What’s new in MAME 0.210:
- This month, we’ve got lots of fixes for issues with supported systems, as well as some interesting additions. Newly added hand-held and tabletop games include Tronica’s Shuttle Voyage and Space Rescue, Mattel’s Computer Chess, and Parker Brothers’ Talking Baseball and Talking Football. On the arcade side, we’ve added high-level emulation of Gradius on Bubble System hardware and a prototype of the Neo Geo game Viewpoint. For this release, Jack Li has contributed an auto-fire plugin, providing additional functionality over the built-in auto-fire feature.
- A number of systems have had been promoted to working, or had critical issues fixed, including the Heathkit H8, Lola 8A, COSMAC Microkit, the Soviet PC clone EC-1840, Zorba, and COMX 35. MMU issues affecting Apollo and Mac operating systems have been addressed. Other notable improvements include star field emulation in Tutankham, further progress on SGI emulation, Sega Saturn video improvements, write support for the CoCo OS-9 disk image format, and preliminary emulation for MP3 audio on Konami System 573 games.
- There are lots of software list additions this month. Possibly most notable is the first dump of a Hanimex Pencil II cartridge, thanks to the silicium.org team. Another batch of cleanly cracked and original Apple II software has been added, along with more ZX Spectrum +3 software, and a number of Colour Genie cassette titles.
MAME (Multiple Arcade Machine Emulator) is a freely distributed and non-profit project that provides users with a sophisticated arcade machine emulator software designed for the GNU/Linux and Microsoft Windows operating systems.
Supports a plethora of old-school games
The project’s main goal is to preserve ancient games from disappearing forever just because the hardware that were designed to run on is no longer manufactured.
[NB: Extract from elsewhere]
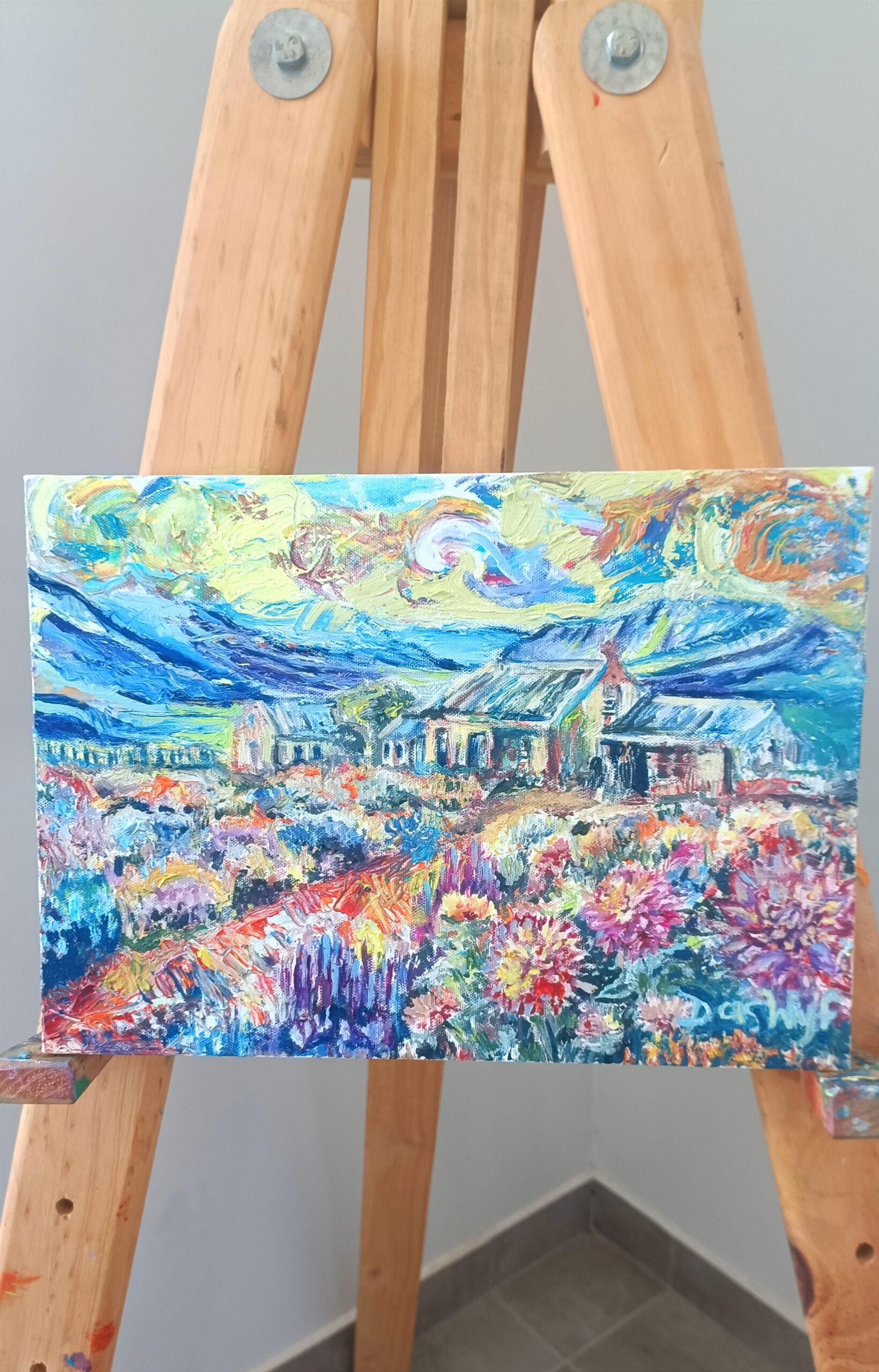 An artwork that captures the movement of light and colour. This piece truly pulls you into the landscape. Bring Fynbos and Dahlia’s into your home and feel the joy it brings.

In no way this application should be used for pirating games and other copyright infringement purposes.
It has been designed from the ground up to support a wide range of ROMs, as well as CD or hard disk images with some of the most popular games of all times, especially classic arcade games from the late ’70s era.
Key features include support for both vector and raster displays, a wide range of sound chips and processors, a flexible timer system, and dynamic recompilation. It is targeted at 32-bit and 64-bit instruction set architectures.
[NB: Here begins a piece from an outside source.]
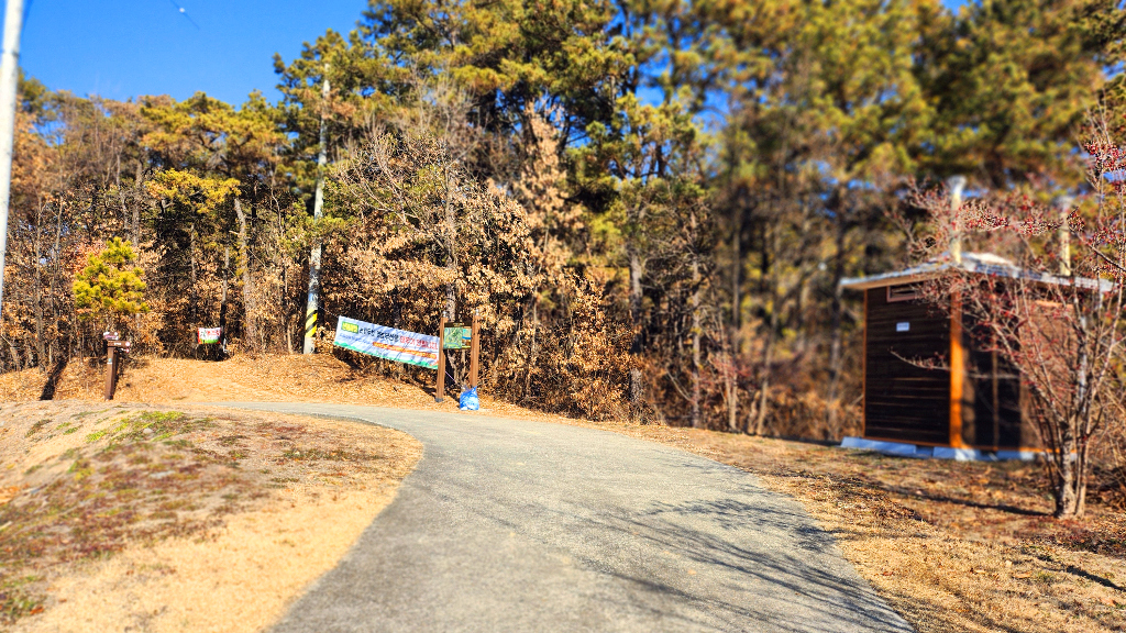 우측에 간이 화장실과 현수막 뒤로가 문산등산로입구이다.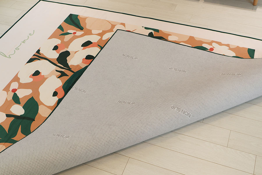바닥면은 미끄럼 방지 매트인 논슬립 원단을 사용해서 미끄러짐을 최소화 했습니다. 집에서나 어디서든 깔끔하게 정갈하게 사용할 수 있는 카페트 러그 제품입니다.

Availability and installation
The application has been written entirely in the C++ programming language and it is distributed as a source archive. To compile and install the program in your Linux-based operating system, download and extract the archive on your home folder.
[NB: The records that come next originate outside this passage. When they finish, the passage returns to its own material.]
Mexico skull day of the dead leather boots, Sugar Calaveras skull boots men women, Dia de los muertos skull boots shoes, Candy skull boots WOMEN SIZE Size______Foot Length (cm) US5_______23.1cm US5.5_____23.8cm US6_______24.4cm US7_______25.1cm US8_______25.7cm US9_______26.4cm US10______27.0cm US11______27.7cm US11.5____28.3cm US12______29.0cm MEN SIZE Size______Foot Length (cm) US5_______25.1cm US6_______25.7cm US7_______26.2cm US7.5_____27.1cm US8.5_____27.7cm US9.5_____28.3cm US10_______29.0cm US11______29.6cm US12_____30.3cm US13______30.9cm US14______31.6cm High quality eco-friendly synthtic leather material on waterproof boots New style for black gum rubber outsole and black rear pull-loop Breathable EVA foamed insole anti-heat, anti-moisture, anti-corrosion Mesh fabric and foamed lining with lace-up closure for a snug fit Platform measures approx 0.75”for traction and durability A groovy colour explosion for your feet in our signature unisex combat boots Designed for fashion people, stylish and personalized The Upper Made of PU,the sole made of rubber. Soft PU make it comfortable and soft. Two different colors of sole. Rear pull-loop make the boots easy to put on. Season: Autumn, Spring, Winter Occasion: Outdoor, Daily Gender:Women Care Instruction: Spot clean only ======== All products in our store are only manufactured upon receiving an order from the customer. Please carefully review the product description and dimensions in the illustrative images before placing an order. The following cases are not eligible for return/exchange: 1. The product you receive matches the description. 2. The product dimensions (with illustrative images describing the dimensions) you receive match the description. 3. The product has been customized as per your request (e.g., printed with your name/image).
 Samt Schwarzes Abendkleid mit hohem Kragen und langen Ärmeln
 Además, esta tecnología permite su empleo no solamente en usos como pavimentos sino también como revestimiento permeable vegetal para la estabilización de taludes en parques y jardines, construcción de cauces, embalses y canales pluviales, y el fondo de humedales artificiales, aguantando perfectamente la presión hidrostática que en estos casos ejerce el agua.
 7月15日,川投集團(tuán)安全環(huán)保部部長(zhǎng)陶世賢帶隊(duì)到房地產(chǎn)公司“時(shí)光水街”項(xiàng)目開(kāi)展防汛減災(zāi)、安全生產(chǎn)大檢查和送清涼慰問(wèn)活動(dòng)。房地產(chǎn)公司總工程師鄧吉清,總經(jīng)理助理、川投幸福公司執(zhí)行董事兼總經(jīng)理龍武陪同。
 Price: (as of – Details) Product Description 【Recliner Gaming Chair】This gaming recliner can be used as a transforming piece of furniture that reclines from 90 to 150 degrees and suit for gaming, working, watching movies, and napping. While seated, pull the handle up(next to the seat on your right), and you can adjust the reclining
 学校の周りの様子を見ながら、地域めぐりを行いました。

Then, simply navigate to the extracted folder via a terminal emulator and type the “make” command. Once the compilation process has been completed, you can use the program as-is from that folder or install it system wide using the “make install” command as root (system administrator).
In conclusion, Multiple Arcade Machine Emulator (MAME) is a decent arcade game system emulator software that supports a multitude of games and hardware platforms.